Reproduce the records without their pictures, keeping every word as it is.
^^^^
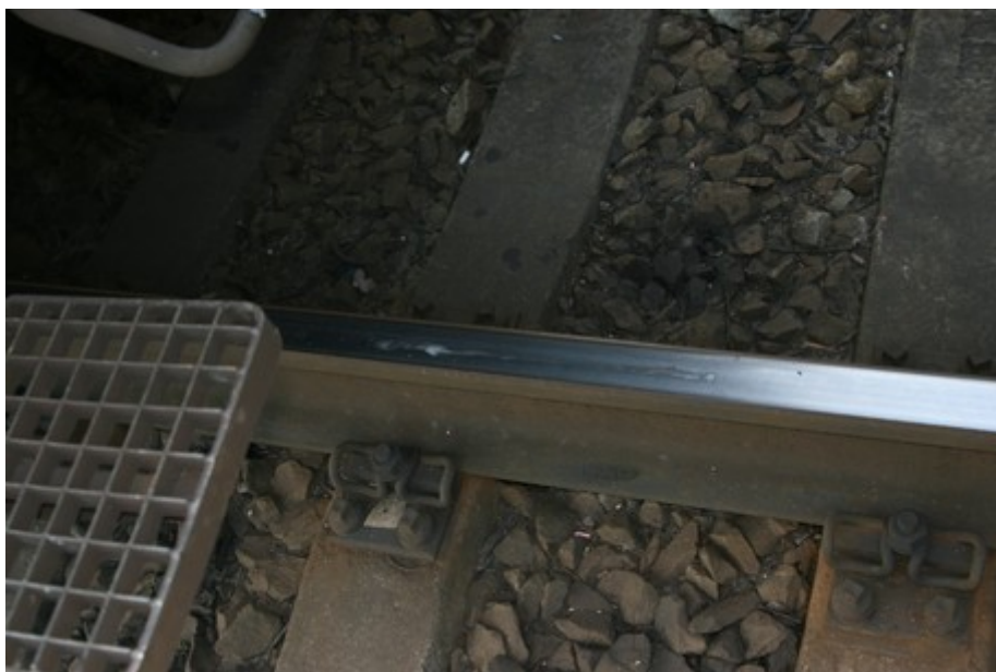
Obr. č. 1: Stopa po posunutí DV vlaku Nex 48325
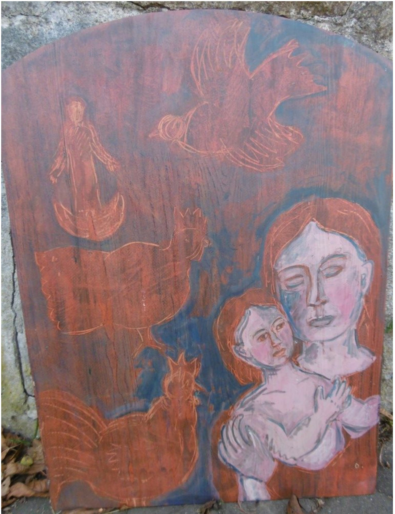
Das JA der Maria
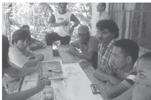
Fotografía 8 Trabajo con mapas durante las reuniones de propuestas, Bocana.
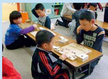
プレイルームで将棋。次はどの手にしようかな?
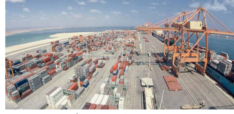
إجمالي قيمة الصادرات السلعية تسجل ملياراً و٨٣١ مليون ريال عماني بنهاية يناير ٢٠٢٦ م
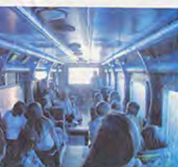
À l'intérieur du Notilus, les enfants de six ans ont pu participer à une séance de sensibilisation à la protection de l'eau.

« L'eau sous toutes ses formes » sera présentée du samedi 21 octobre au dimanche 28 octobre, de 10 h à 18 h, dans la salle de la mairie. Les animations se déroulent à Châteaubriant, place Ernest-Bréant, de 16 h à 18 h, tous les jours. Les animations se déroulent à Châteaubriant, place Ernest-Bréant, de 16 h à 18 h, tous les jours.
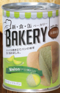
メロン果汁入り メロンのやさしい甘さと 豊かな香り!
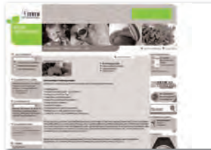
Halfsize-Banner 234 x 60
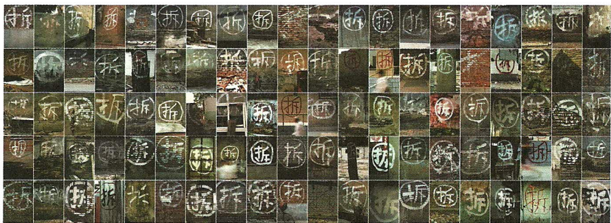
图1 王劲松 百拆图 概念摄影 彩色照片 125×340cm 1999

模城市建设活动也随之展开，很多老旧建筑，或是被认为妨碍规划的建筑都被划入拆迁的范围，我们随处可见圈写在旧建筑上的“拆”字。艺术家王劲松在1999年以北京乃至全国的城市建设中随处可见的圈写在要拆除的旧建筑上的“拆”字为对象，拍摄了百幅“拆”字，命名为《百拆图》(图1)，并把这百幅作品顺序编号为1900至1999。王劲松在《有关〈百拆图〉百幅摄影作品简述》中说：“‘拆’似乎是一条临界线，左边是毁灭，右边是重建。‘拆’的意义藉此显现，那么何谓新、何谓旧呢？我感到既悲凉，又激动。”王劲松多年对“破”的疑虑，使他为找到能宣泄内心情感的语言而“激动”，同时，也为“拆”的现实及其文化背景而“悲凉”。《百拆图》体现的是一个艺术家的良知和反省的能力。 1
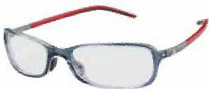
fullrim SPX™ a886/8 base

Design und Technologie - vom Sport inspiriert. Mit der ambition Kollektion geht adidas eyewear bei den optischen Brillen ganz neue und außergewöhnliche Wege. Innovative Materialien und modernste Technologien aus dem Sportbereich, wie der Hybrid Memory Hinge™, garantieren höchsten Tragekomfort und perfekten Sitz.
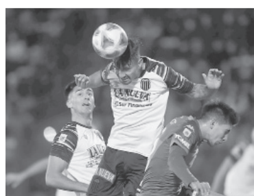
El "Guapo" lo ganó en el final.

Árbitro: Facundo Tello. Cancha: José Dellagiovanna.
^^^^
Task answer >>
Obr. č. 1: Stopa po posunutí DV vlaku Nex 48325
Das JA der Maria
Fotografía 8 Trabajo con mapas durante las reuniones de propuestas, Bocana.
プレイルームで将棋。次はどの手にしようかな?
إجمالي قيمة الصادرات السلعية تسجل ملياراً و٨٣١ مليون ريال عماني بنهاية يناير ٢٠٢٦ م
À l'intérieur du Notilus, les enfants de six ans ont pu participer à une séance de sensibilisation à la protection de l'eau.

« L'eau sous toutes ses formes » sera présentée du samedi 21 octobre au dimanche 28 octobre, de 10 h à 18 h, dans la salle de la mairie. Les animations se déroulent à Châteaubriant, place Ernest-Bréant, de 16 h à 18 h, tous les jours. Les animations se déroulent à Châteaubriant, place Ernest-Bréant, de 16 h à 18 h, tous les jours.
メロン果汁入り メロンのやさしい甘さと 豊かな香り!
Halfsize-Banner 234 x 60
图1 王劲松 百拆图 概念摄影 彩色照片 125×340cm 1999

模城市建设活动也随之展开，很多老旧建筑，或是被认为妨碍规划的建筑都被划入拆迁的范围，我们随处可见圈写在旧建筑上的“拆”字。艺术家王劲松在1999年以北京乃至全国的城市建设中随处可见的圈写在要拆除的旧建筑上的“拆”字为对象，拍摄了百幅“拆”字，命名为《百拆图》(图1)，并把这百幅作品顺序编号为1900至1999。王劲松在《有关〈百拆图〉百幅摄影作品简述》中说：“‘拆’似乎是一条临界线，左边是毁灭，右边是重建。‘拆’的意义藉此显现，那么何谓新、何谓旧呢？我感到既悲凉，又激动。”王劲松多年对“破”的疑虑，使他为找到能宣泄内心情感的语言而“激动”，同时，也为“拆”的现实及其文化背景而“悲凉”。《百拆图》体现的是一个艺术家的良知和反省的能力。 1
fullrim SPX™ a886/8 base

Design und Technologie - vom Sport inspiriert. Mit der ambition Kollektion geht adidas eyewear bei den optischen Brillen ganz neue und außergewöhnliche Wege. Innovative Materialien und modernste Technologien aus dem Sportbereich, wie der Hybrid Memory Hinge™, garantieren höchsten Tragekomfort und perfekten Sitz.
El "Guapo" lo ganó en el final.

Árbitro: Facundo Tello. Cancha: José Dellagiovanna.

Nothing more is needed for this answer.